“No!”I said. “You think that dying for me absolves you of anything? Everyone dies. It doesn’t make you a hero. It just makes you another body in the ground.”
“Better me than you,” he said, smiling even as a line of blood trickled from the sharp edge of the blade.
“You don’t get it,” I said. “I’m already dead, Hong.” I hadn’t meant to tell him this way, but the words rushed out like a well spilling over from too much rain. Anything to change his mind, even if he never looked at me the same way again.
“Zilan, I know,” he said quietly. “I saw your scar, remember?”
“You understood what that meant?” I said, my hands slipping from the bars. “You never asked about it.”
“It doesn’t matter, Zilan,” he said, his eyes as warm as ever. “None of it matters. You’re still you.”
He’s actually going to do it, I thought, wishing I could rend the bars apart, tear the whole world in half. So many people had died for me, for a life that I’d ruined and wasted, and I couldn’t let the prince do the same. But the Empress held a knife to his throat, he had no weapons to defend himself, and I was caged across the room. I still had my rings, but those were only good for small transformations with things I could touch.
I patted my sleeves and pockets for something, anything I could use to break free. But no stones fell out. Just a tiny spool of gold thread that I’d used to fix my dress that afternoon.
I froze, clutching it in my fist to be sure the Empress wouldn’t see it. Maybe the prince didn’t have any weapons on him. But I could be a weapon for him.
I pinched the loose end of the thread and twisted it around my finger.
“Li Hong,” I said, “you promised me one more day.”
“I’m sorry,” he said, his voice breaking. “I tried.”
I pulled the thread slack under my sleeve.
“Try harder,”I said, reaching through the bars and hurling the spool across the room.
It arced over the room like a comet, a tail of golden thread marking its path. The Empress’s gaze followed it, eyes narrowed as she tried to discern what I’d thrown.
The prince would know. He would understand it sooner than the Empress, and if he was smart, he would use that half second to his advantage.
This is all the time I can give you, I thought, pressed against the bars, clutching the other end of the thread, praying he would understand.
He didn’t even hesitate.
As the Empress arched her neck toward the spool, the prince wrenched her wrist down, forcing the knife from his throat. Her gaze snapped back to him, and she raked the blade across his chest, drawing a line of blood through his clothes, but he had already broken away from her, reaching out, hand closing around the spool.
I never should have doubted him—the prince knew me the way the moon knows its shadowed face. He knew all of my secrets even if I never said them out loud.
He turned back to the Empress and pressed the spool to the bare skin of her sternum.
Gold was a soft metal. Not ideal for stabbing someone, especially not through bone.
But if I could break her skin, I would have access to her bloodstream, filled with the gold and iron that I could warp into any shape. I could force all the blood to pool in her feet, knocking her unconscious. I could sharpen the iron into tiny spikes that tore her veins open, making her bleed out inside herself. I could rip her organs apart, I could drill spikes into her brain, I could destroy the indestructible empress, and the empire would finally belong to Hong.
The Empress raised her blade, aiming for the prince’s throat.
This time, I was faster.
Alchemy shot like lightning across the golden thread, singeing the palm of my hand raw.

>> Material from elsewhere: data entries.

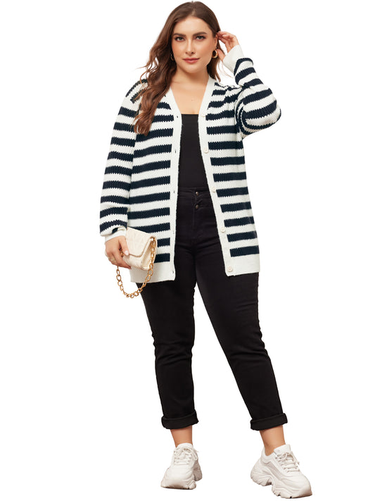 Women Plus Size Cardigan Sweater V Neck Button Down Open Front Long Sleeve Striped Knit Cardigans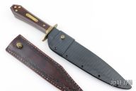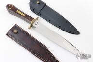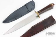 This Bowie from Master Smith Bill Bagwell features a mirror polished clip point bowie style blade with sharpened top edge, .351" blade stock at the ricasso and 1.480" blade depth, hidden tang construction. The handle has a brass guard and collar, cocobolo grip with brass studs. Includes a hand tooled brown leather sheath, custom kydex sheath with belt stud and a zippered case. Has a little oxidation on the ricasso, otherwise excellent condition.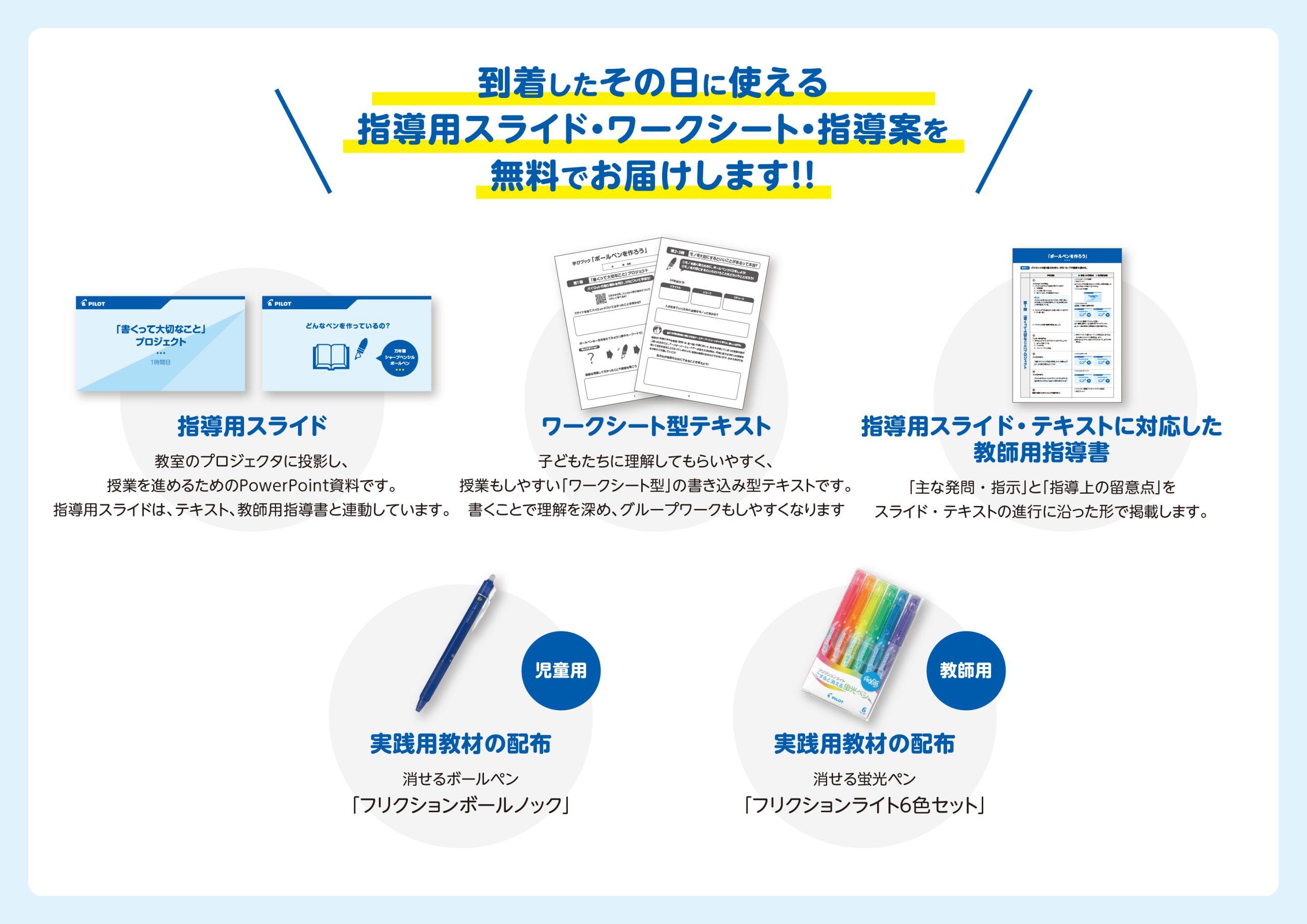 消せるボールペン「フリクションボールノック」を児童一人につき1本お届けいたします(先着100クラス限定)。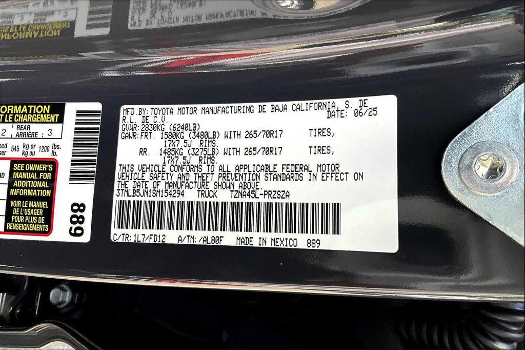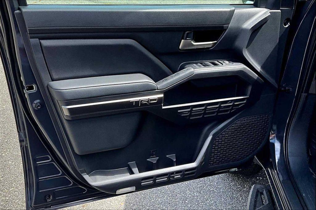 TRD OFF ROAD UPGRADE PACKAGE HomeLink Universal Transceiver, Integrated Trailer Brake Controller, multi-information display (MID) screen and trailer brake type, gain and manual trailer brake output controls, Pre-Wire Accommodation (Bed Power Port), Deck Storage Box, Heated Leather-Trimmed Steering Wheel, Power Horizontal Rear Window, 120V/400W AC Power Inverter, Heated Front Seats, Smart Key w/Digital Key Technology, Digital key enables smartphone to be used instead of a physical key (Remote Connect subscription required), JBL Premium Audio, 10 speakers w/JBL FLEX portable Bluetooth® speaker, subwoofer and amplifier, Low Auxiliary (30A) Switches, 8-Way Power Driver & Passenger Seat Adjusters, CAST ALUMINUM RUNNING BOARDS (TMS), ALL WEATHER FLOOR LINERS (TMS).
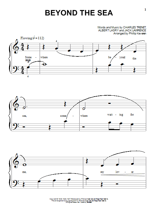 Download or print Bobby Darin Beyond The Sea (arr. Phillip Keveren) sheet music, chords and digital score arranged for Easy Piano. This Love score includes 4 page(s).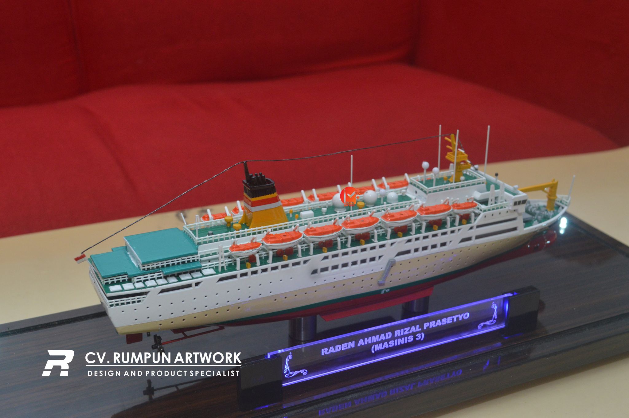 - Miniatur Kapal Pelni KM Dorolonda ini berbahan dasar fiber, acrylic, resin, artificial part, kayu sebagai tatakan serta dilengkapi pencahayaan dengan lampu led ( optional ), kemudian kami bingkai dengan etalase kaca ( optional )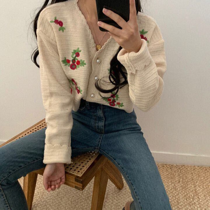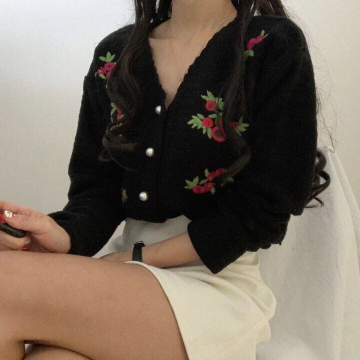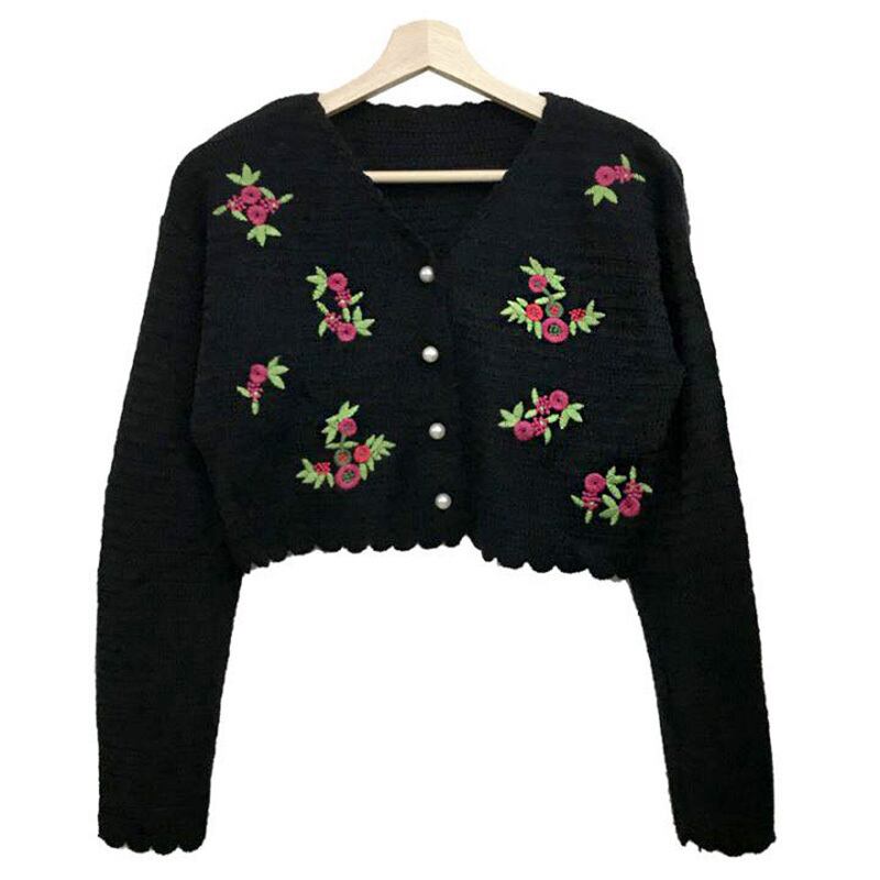 【新作】【送料無料】 刺繡クロップドカーディガンvネックニットセータースタイルレディース原宿ヴィンテージキュートブラックザ 刺繍 大人ガーリー スウィート カジュアル かわいい ビンテージ Feminine167082823313 | Feminine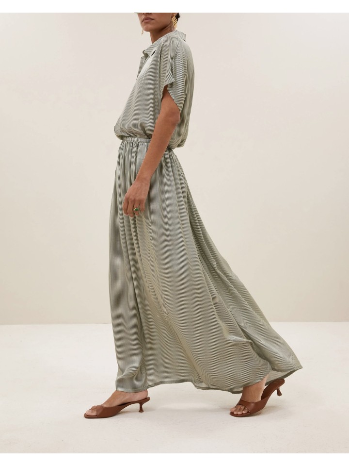 Camisa de manga corta con mucha caída en rayas finas.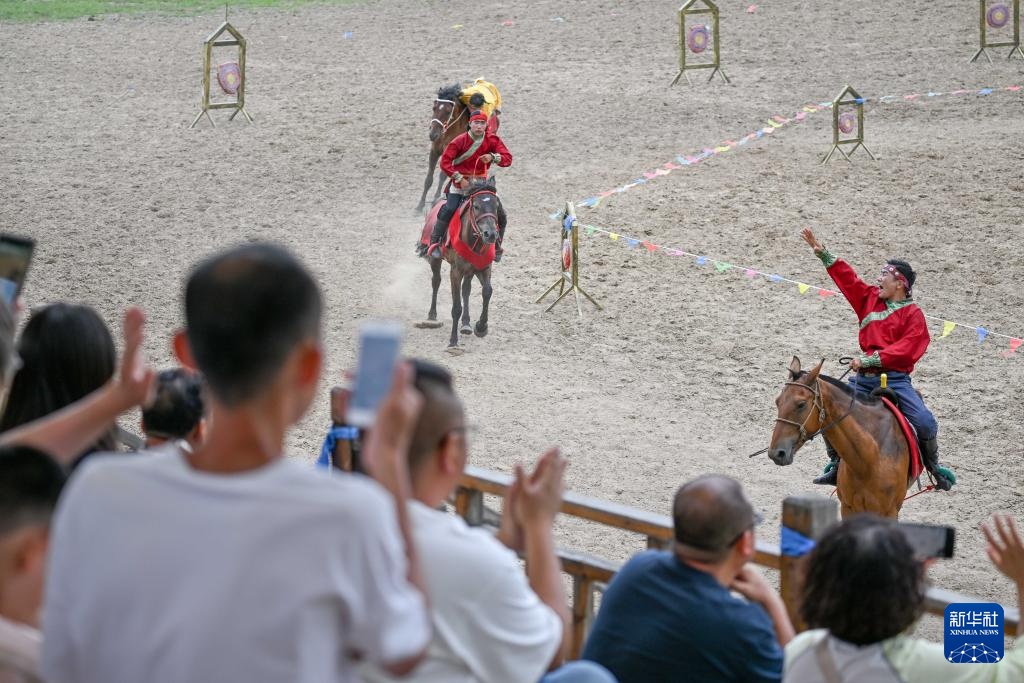 8月8日,游客在内蒙古兴安盟科尔沁右翼前旗乌兰毛都草原观看马术实景剧。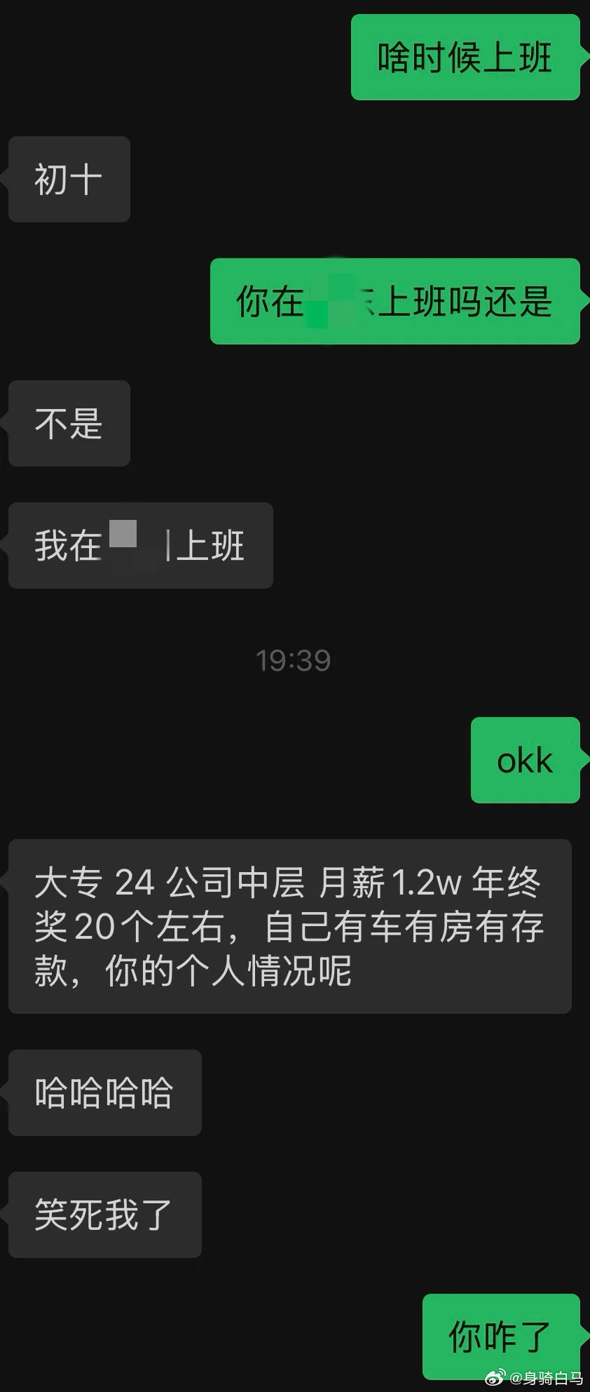 今天面试了一个00后男生,大专学历,去年毕业的。他说他第一份工作基本工资每月45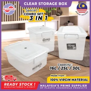 MAXONIC Combo Set 3 in1 Multipurpose Storage Container Box Plastic Transparent Drawer
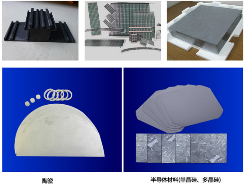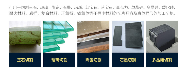 本加工方法是對電火花切割機(jī)床難以加工的不導(dǎo)電材料的補(bǔ)充。原則上對導(dǎo)電和不材料只要硬度比砂線小均可加工,對用電火花線切割機(jī)床加工難以加工的石墨材料,采用本產(chǎn)品加工尤能顯示其無比的優(yōu)越性;對脆性材料如注塑泡沫材料、復(fù)合材料、陶瓷、環(huán)氧板、鐵氧板、半導(dǎo)體材料、碳化硅、耐火磚、非導(dǎo)電材料等具有一定脆性材料的成型切割均可加工。

The tangled threads congealed into a thin point that bit into the Empress’s sternum, splitting her skin and sending a curtain of blood spilling down her chest, soaking her gold dress. Her necklace burst, pearls clattering to the ground as my alchemy raced into her veins, rushing toward her heart.
She struck wide at Hong but missed, and in my moment of relief, I realized too late that she hadn’t been aiming for him at all.
The thread snapped, spool clattering to the floor. The transformation cut off like a wall had slammed down between me and the rushing river of the Empress’s veins. Hong took a surprised step back, then the Empress readjusted her grip on her knife, and in one fluid sweep, slit his throat.
“Hong!”I said, grabbing the bars. The cage lurched with my weight, threatening to spill me onto my face.
The prince remained on his feet for a moment, like a swaying stalk of silver grass, hand clamped around his neck. Then blood rushed past his fingers, weeping down the steps before the throne, racing through the grooves between the tiles. He tried to speak, but the words came out wet and distorted. He coughed, sinking to his knees, and I realized that in a few minutes, I was going to lose everyone who mattered to me.